What should be done for immune thrombocytopenia?
Immune thrombocytopenia (ITP), formerly known as idiopathic thrombocytopenic purpura, is a complex, acquired autoimmune disorder involving multiple pathogenic mechanisms. Management is individualized based on clinical circumstances. Generally, if the platelet count falls below 20 × 109/L, patients should remain on bed rest, avoid trauma, and receive hemostatic agents; close observation is warranted to assess for signs of bleeding.
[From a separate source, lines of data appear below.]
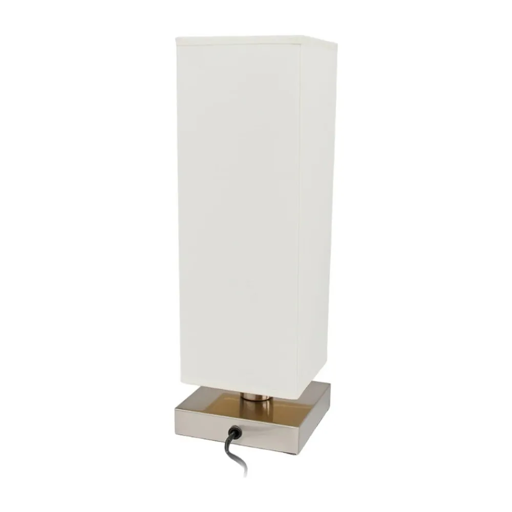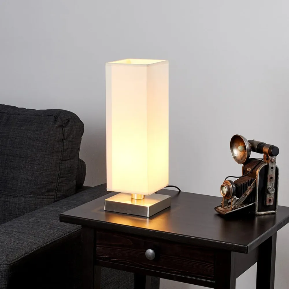 Kantet natbordslampe Martje med cremehvid stofskærm til E14-pærer Der skabes et smukt skær, når du tænder for denne natbordslampe, som selvfølgelig også er ideel som ekstra belysning i stuen eller entreen. Den kan placeres på et sidebord, en kommode eller i vindueskarmen og bliver et behageligt lyst fokuspunkt. Den kan monteres med E14-pærer.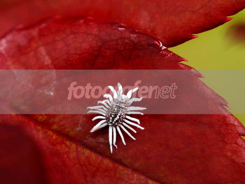Seekor kutu (?) di atas daun mawar muda yg berwarna merah....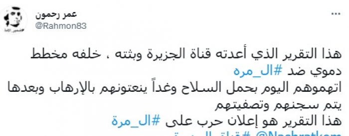 وقال في تغريدة عبر "تويتر" رصدها "المشهد العربي": "هذا التقرير الذي أعدته قناة الجزيرة وبثته، خلفه مخطط دموي ضد آل مرة اتهموهم اليوم بحمل السلاح وغدا ينعتونهم بالإرهاب وبعدها يتم سجنهم وتصفيتهم".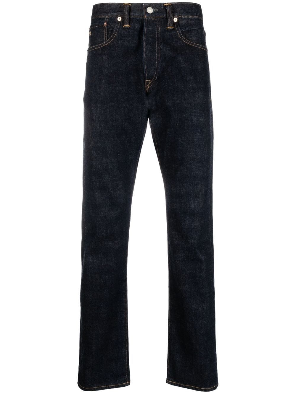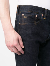 slim-cut five-pocket jeans indigo blue cotton denim dark wash logo patch to the rear slim cut mid-rise classic five pockets concealed fly and button fastening belt loops Made in United States Composition Cotton 100% SIZE & FIT Model measurements Height 6 ft 2 in(1.88 m) Bust/Chest 36.22 in(92 cm) Hips 36.61 in(93 cm) Waist 29.52 in(75 cm) FittingInformation This piece fits true to size. We recommend you get your regular size Cut for a slim fit Made with a mid-weight non-stretch fabric Washing instructions Machine Wash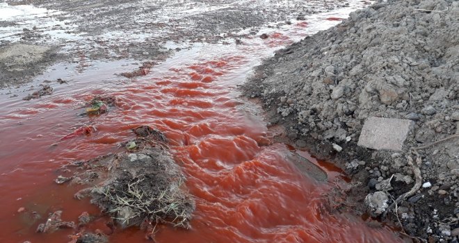 Gaziantepin İslahiye ilçesinde bir biber fabrikasının rögarı tıkanınca, mahalleyi kırmızı biber suyu bastı.
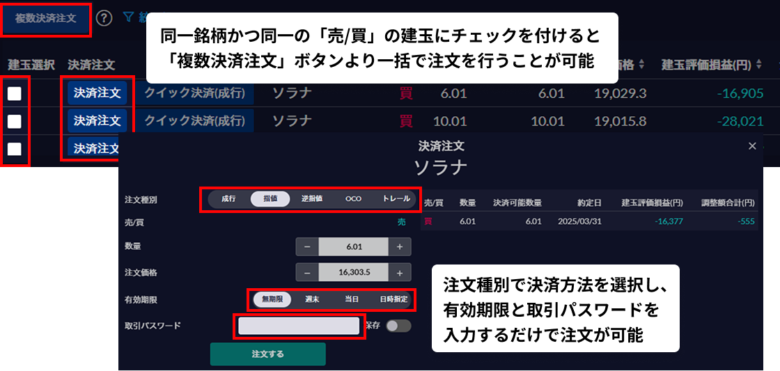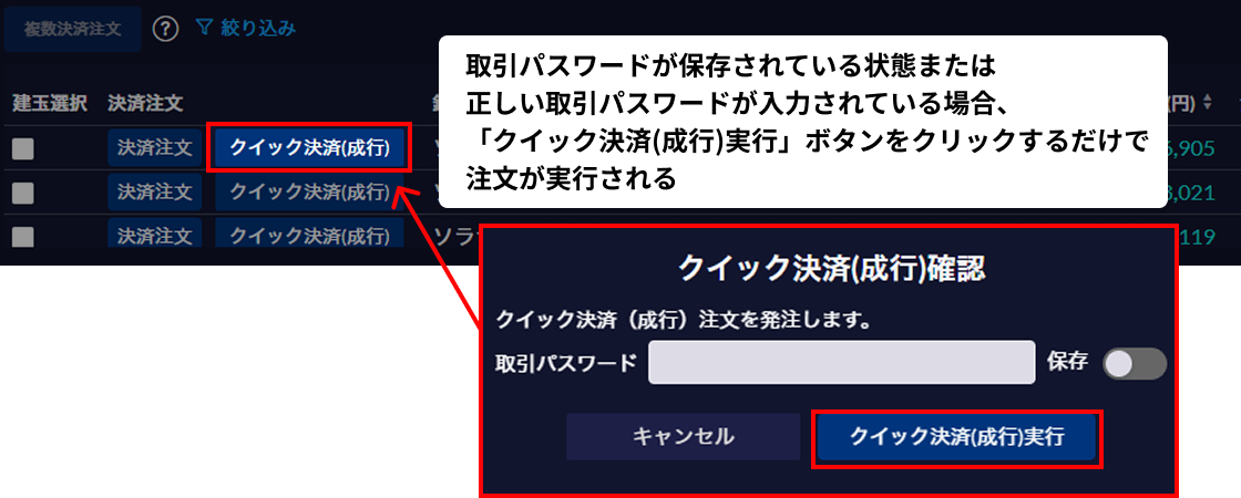 多彩な決済方法で柔軟な取引が可能成行決済や指値決済、逆指値決済、OCO決済、トレール決済、クイック決済と多彩な決済方法があるため柔軟に取引ができ、同一銘柄かつ同一の「売/買」の建玉であれば、まとめて決済することも可能です。クイック決済では、取引パスワードが保存されていればボタンをワンクリックするだけで注文が実行されます。 成行決済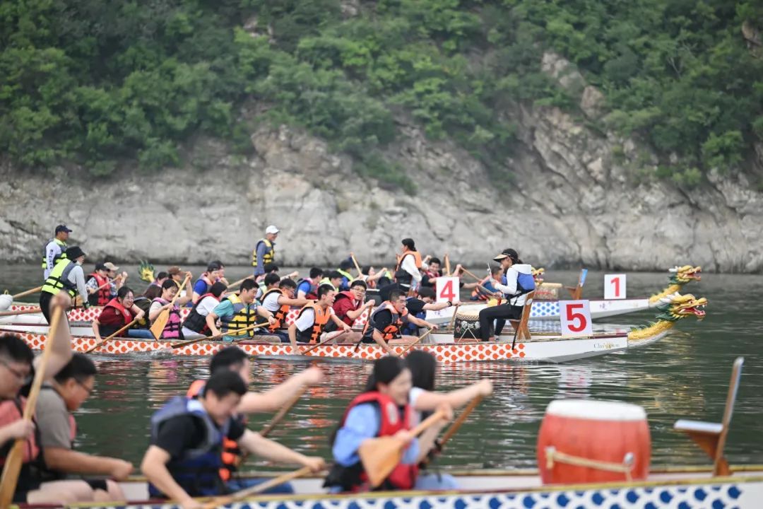 參觀學(xué)習(xí)后,團(tuán)員青年們來(lái)到雁棲湖水上運(yùn)動(dòng)中心,在專(zhuān)業(yè)教練的培訓(xùn)和指導(dǎo)下,學(xué)習(xí)中華傳統(tǒng)龍舟競(jìng)渡文化和劃龍舟技巧,并進(jìn)行了激烈的龍舟比賽。在比賽中,各支隊(duì)伍通力協(xié)作、奮勇?tīng)?zhēng)先,展現(xiàn)了拼搏進(jìn)取的國(guó)貿(mào)體育精神和國(guó)貿(mào)青年朝氣蓬勃的精神面貌。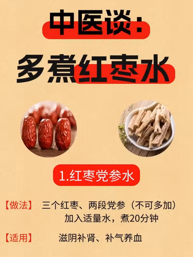 黨參補氣健脾,和紅棗一起煮,適合脾胃虛弱、氣短乏力人群。日常飲用,增強體質,提升免疫力。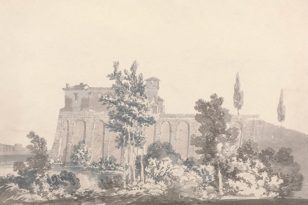 Edificios con vistas al agua, cerca de Nápoles por Turner, 1796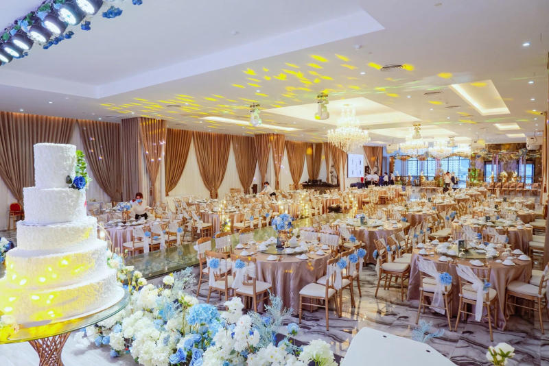 Với diện tích rộng lớn và sức chứa lên đến hàng nghìn khách, nơi đây phù hợp cho các tiệc cưới hoành tráng.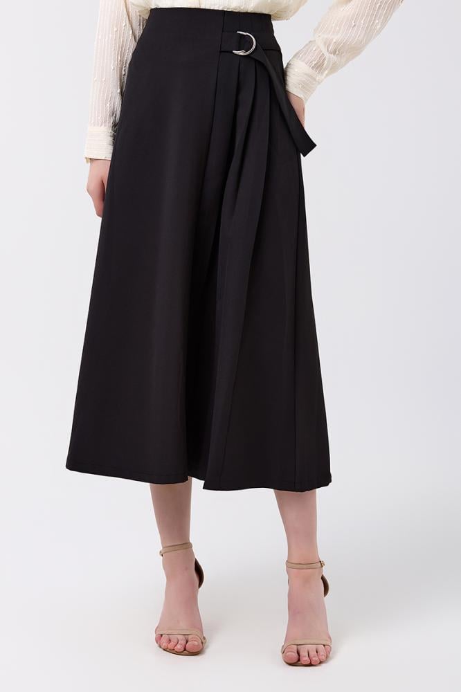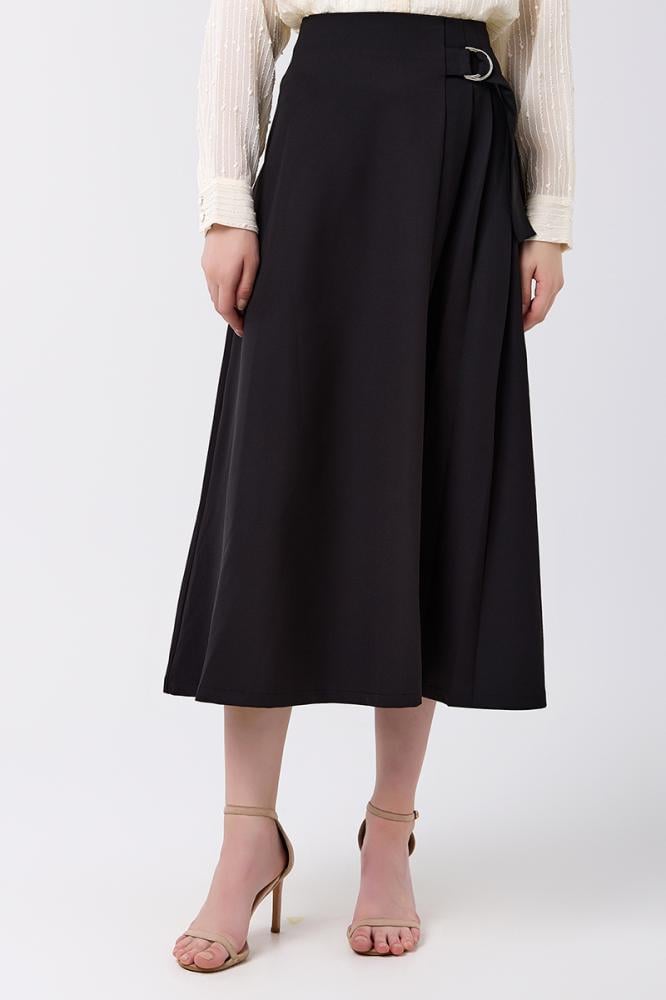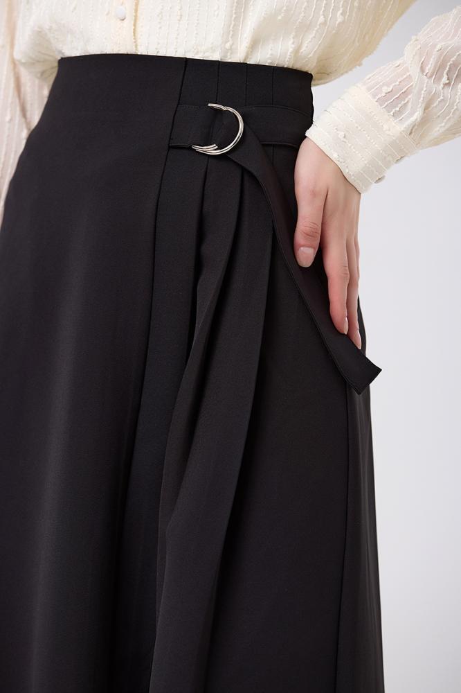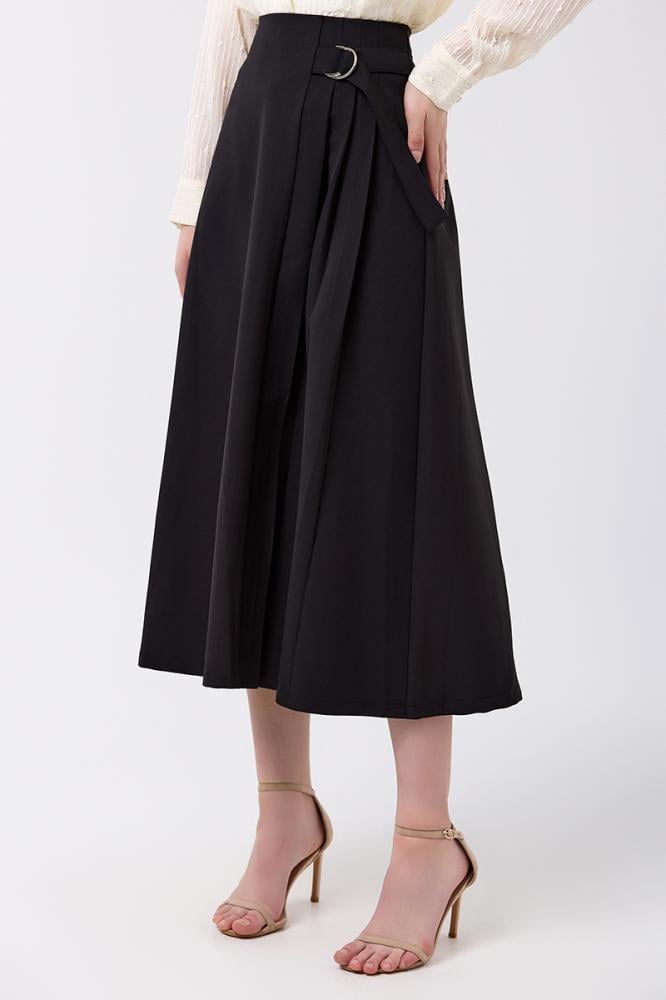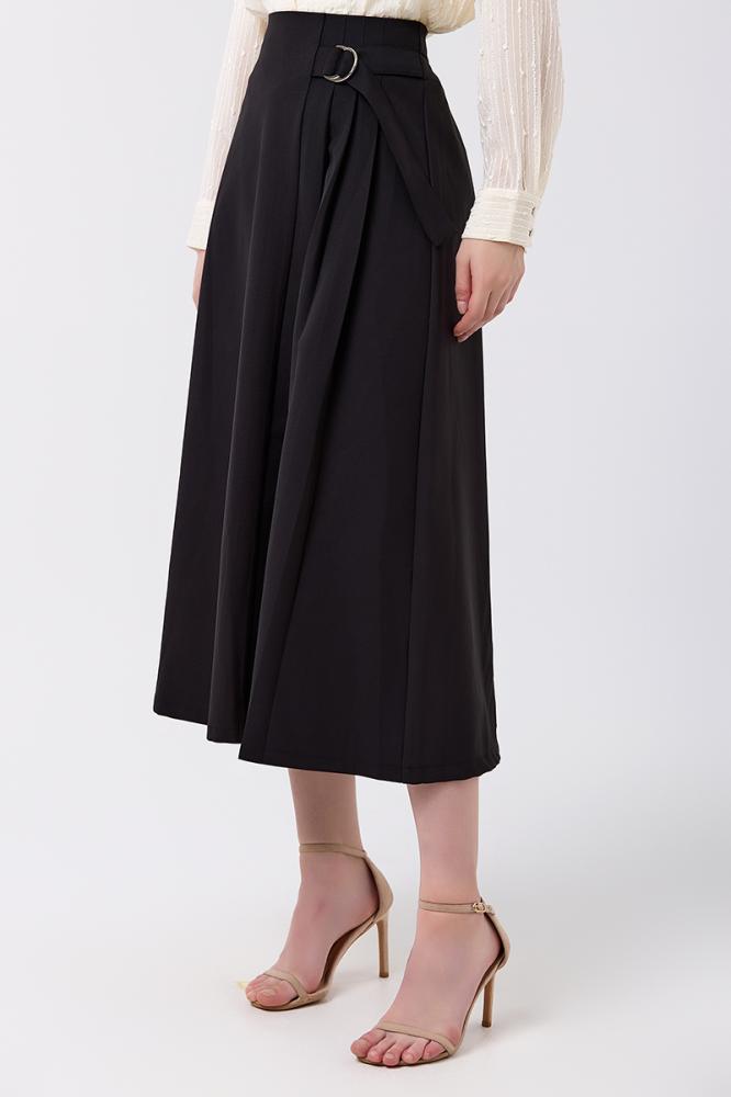 تنورة كريب اسود مع حزام بحلقة جانبي وثنيات جانبية لقصة عصرية مميزة كلوش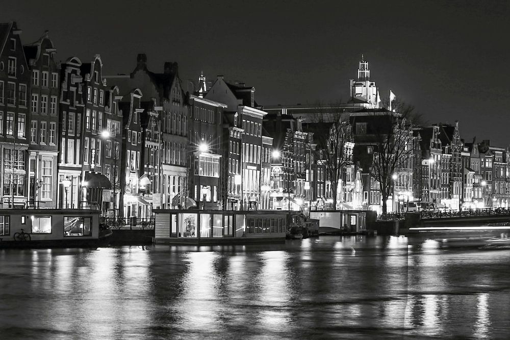 Buy the photo Evening photo of Amsterdan in black and white by W J Kok on canvas, ArtFrame, poster and wallpaper, printed on demand in high quality.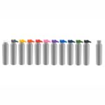 Podes elegir el color del cuerpo de la botella entre blanco, negro o plateado. También el color de las tapas entre negro, verde, azul marino, azul francia, violeta, rosa, rojo, naranja, amarillo, gris o plateado.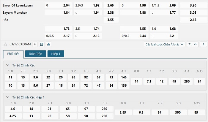 Soi kèo châu Á, kèo chấp Bayer Leverkusen vs Bayern Munich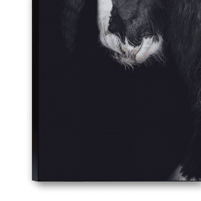 This beautiful Fine art portrait graces any wall! This Tinker horse is beautifully photographed 'en profil', making the long mane and front pluck clearly visible. The black and white of the horse in combination with the black background gives the photo a fancy look and the horse stands out beautifully. A true work of art for any wall! This photo can also be perfectly combined with the other fine art photos of this horse in this series.

In contrast, patients with baseline platelet counts above 30 × 109/L who are not scheduled for surgery or invasive procedures—and who do not engage in occupations or activities associated with an elevated risk of bleeding—have a relatively low risk of hemorrhage and may be managed with observation alone, without pharmacologic intervention.For newly diagnosed ITP, first-line treatment is corticosteroids, which achieve response rates of approximately 80%. In emergency situations requiring rapid platelet count elevation, intravenous immunoglobulin (IVIG) may be administered at either 400 mg/kg/day for at least five consecutive days or 1 g/kg/day for two days.
Second-line therapies are indicated when standard corticosteroid treatment fails. These include anti-CD20 monoclonal antibodies, thrombopoietin (TPO) receptor agonists, and splenectomy.